Five Reasons Why 2016 is the Year of the Retro

Everything is coming up retro, from miniature consoles to the games releasing on store shelves. It’s 2016 and we’re seeing officially-sanctioned emulators, retro 8-bit graphics taking over, and services springing up everywhere to bring gamers what they really want: retro-inspired gems and cult classics. 2016 is the year of the throwback. Don’t act like you aren’t gleefully soaking it all in, we see you over there jumping for joy over that miniature NES! Here are five reason why this is the most retro time ever.

Retro consoles are making a huge comeback.
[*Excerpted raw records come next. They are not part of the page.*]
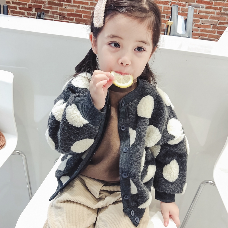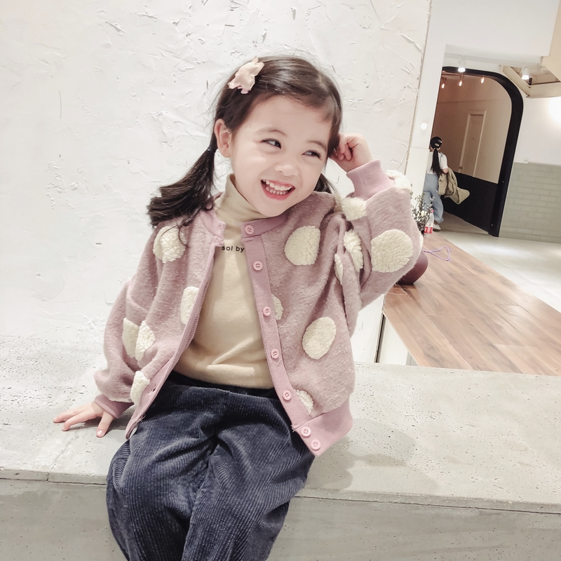 童装女童韩版新款大圆点外套儿童男女夹克宝宝秋冬公主上衣
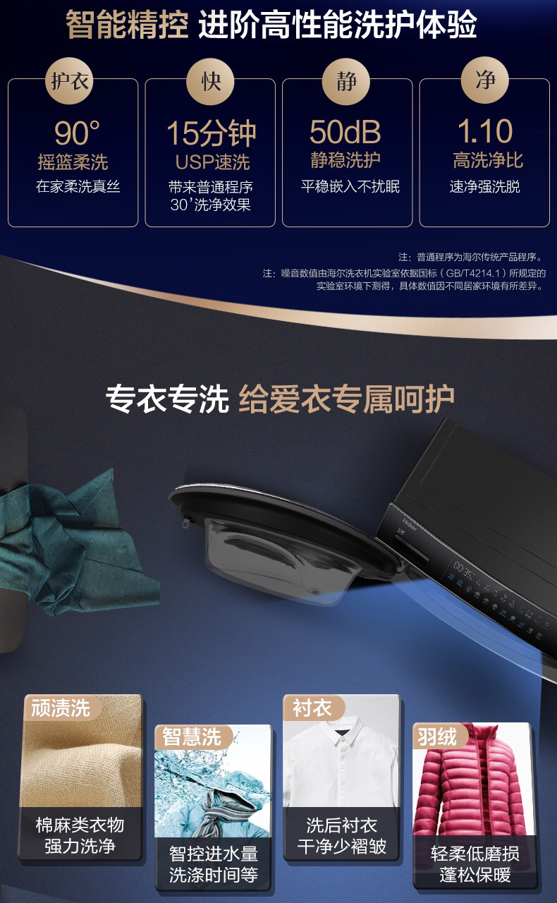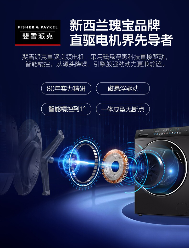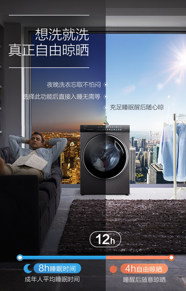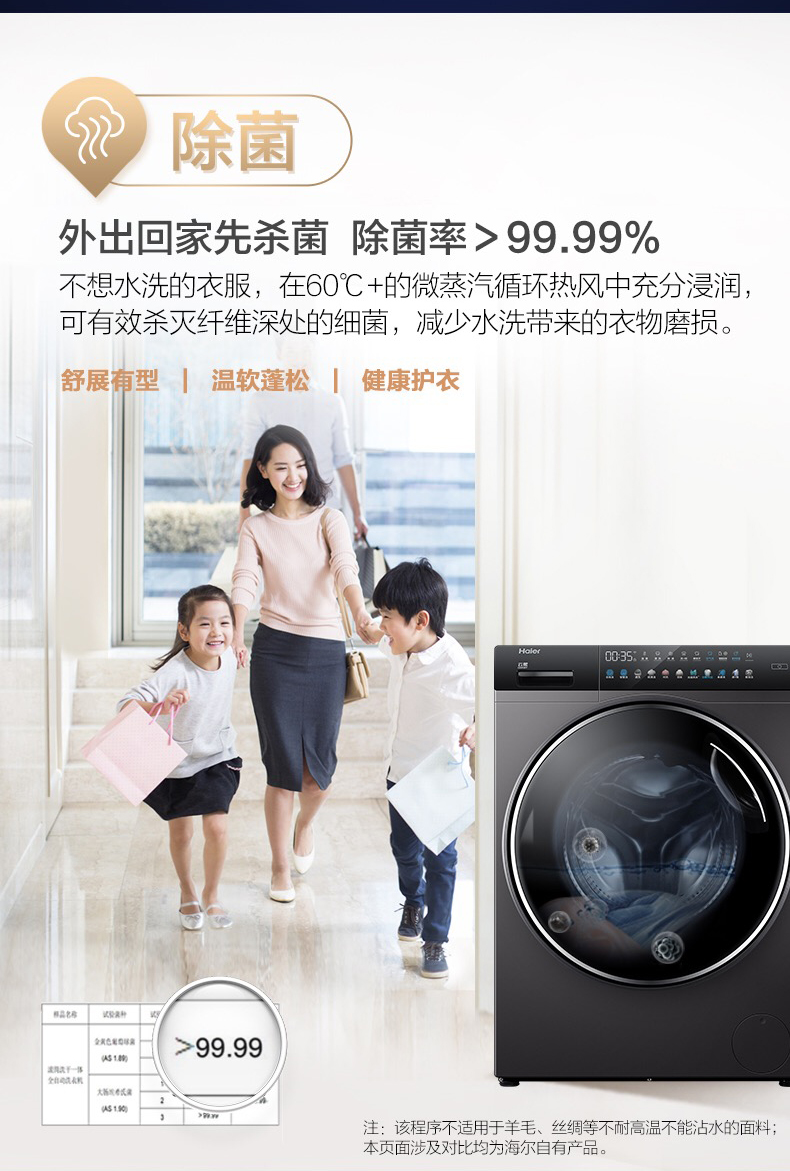 海尔洗衣机10公斤大容量全自动直驱变频滚筒洗衣机紫外线除菌超薄G100178B14LS
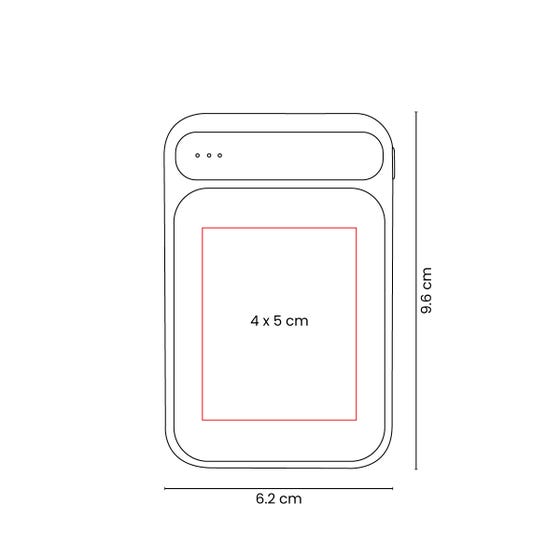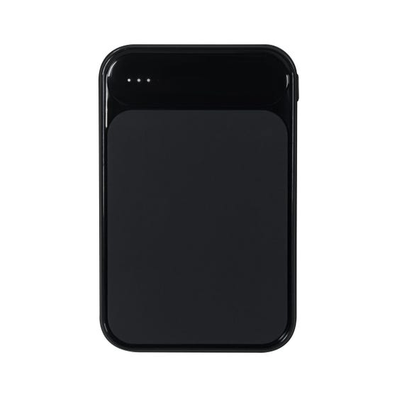 Batería auxiliar para smartphone, capacidad 5,000 mAh. Logotipo se ilumina al aplicar grabado láser. Contiene 2 puertos de salida USB para carga de dispositivos y 1 puerto de entrada tipo C exclusivo para recarga de la batería (no carga dispositivos). Incluye display indicador de carga, cable con conector tipo C y caja individual.
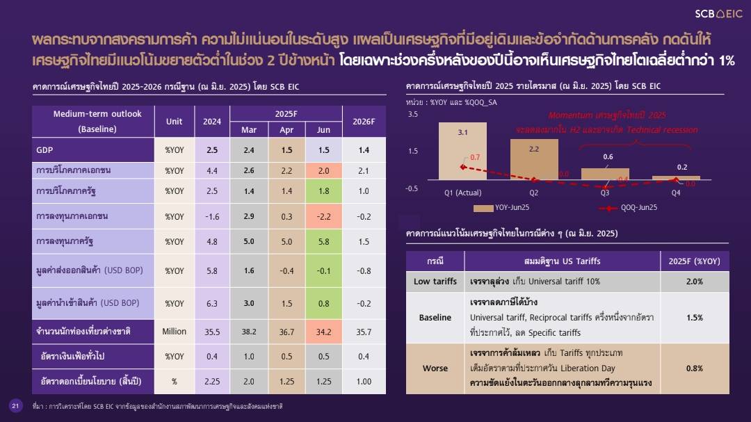ศูนย์วิจัยเศรษฐกิจและธุรกิจไทยพาณิชย์ (SCB EIC) โดย ดร.ยรรยง ไทยเจริญ ประธานเจ้าหน้าที่บริหาร สายงานวิจัยเศรษฐกิจและความยั่งยืน ,ดร.ปุณยวัจน์ ศรีสิงห์ นักเศรษฐศาสตร์อาวุโส และ น.ส.ปราณิดา ศยามานนท์ ผู้อำนวยการ ผู้บริหารฝ่าย Industry Analysis ระบุว่า เศรษฐกิจไทย(จีดีพี) ในช่วงครึ่งหลังของปี 2568 ยังคงเผชิญแรงกดดันรอบด้าน ทั้งจากสงครามการค้า ความไม่แน่นอนนโยบายทางการเงินของธนาคารกลางประเทศใหญ่ๆ ในความเร็วที่ต่างกัน และความเสี่ยงภัยด้านภูมิรัฐศาสตร์ที่สูงขึ้นจากสงครามอิหร่านและอิสราเอลปะทุขึ้น การส่งออกไทยชะลอลง ภาระหนี้ครัวเรือนสูง ความไม่แน่นอนด้านการคลังของไทย ทำให้กำลังซื้อของประชาชนลดลงการลงทุนภาคเอกชนต่ำ ก่อให้เกิดผลกระทบในวงกว้างต่อภาคธุรกิจต่าง ๆ คาดว่าจีดีพีจะโตต่ำกว่า 1% ทั้งปีคาดว่าจะโต 1.5% และมีโอกาสเข้าสู่การหดตัว (Technical Recession) ทำให้เศรษฐกิจไทยโตไม่ถึง 2% ยาวไปจนถึงปี 2569
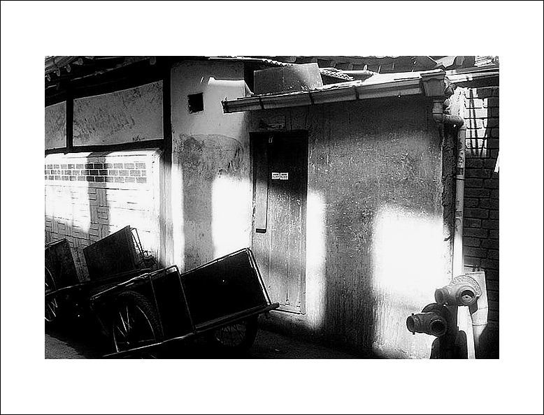 수원의 오래된 한옥가옥들이 늘어선 골목은 평일 오후의 적막함을 품고 있었다. 사람의 발걸음이 드문 시간, 햇살은 벽을 타고 조심스럽게 내려와 바닥에 따스한 흔적을 남겼다. 그 골목 한편에 놓인 리어카는 연탄배달을 기다리는 듯, 묵묵히 그 자리를 지키고 있었다. 바퀴에 묻은 먼지와 손잡이의 닳은 흔적은 오랜 시간의 노동을 말해준다. 그러나 지금 이 순간만큼은, 그 리어카도 쉬고 있는 듯했다.
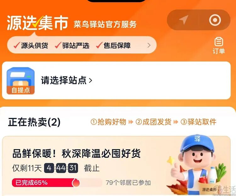 日前有消息显示,菜鸟驿站近期开始在武汉等地测试一项名为“源选集市”的团购服务。据了解,其采取源头供货、成团发货、驿站自提的模式,并由驿站站长担任团长。目前,“源选集市客户端”和“源选集市站长端”微信小程序已经上线,开发主体为浙江驿栈网络科技有限公司,该公司的控股股东则是浙江菜鸟供应链有限公司。
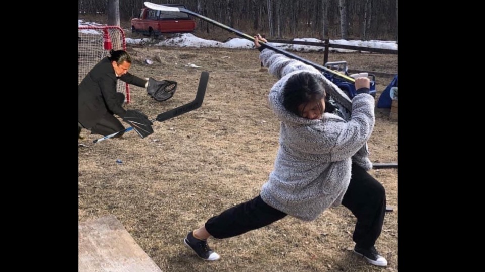 «Les Manitobains sont des gens qui aiment s'entraider. Quand j'ai vu que mon amie avait un pneu crevé, j'ai fait ce que tout Manitobain ferait: je l'ai aidée! J'ai un peu sali mon habit, mais j'ai fait sourire mon amie. La prochaine fois que tu verras un ami dans le besoin, fais comme les Manitobains et viens lui en aide»!

You’ve got the NES Classic Edition from Nintendo, Sega’s Mega Drive, and the Retro-Bit Generations console. Nintendo went the most direct route to prey on gamers’ nostalgia, with a micro-sized Nintendo Entertainment System that you could carry around in your pocket if you so desired. Just a few short years ago, if you were looking to play classic games like Super Mario Bros. or Sonic the Hedgehog, you’d have to play the originals, pick up a re-release on a current console, or emulate them. Companies are making it super simple for you to pick up and play your favorite game, no matter what kind of display or equipment you have, because that’s what’s hot and in demand right now. You don’t have to be a retro connoisseur to see that.

The indie movement is relying on retro-chic games to appeal to nostalgic millennials and gamers.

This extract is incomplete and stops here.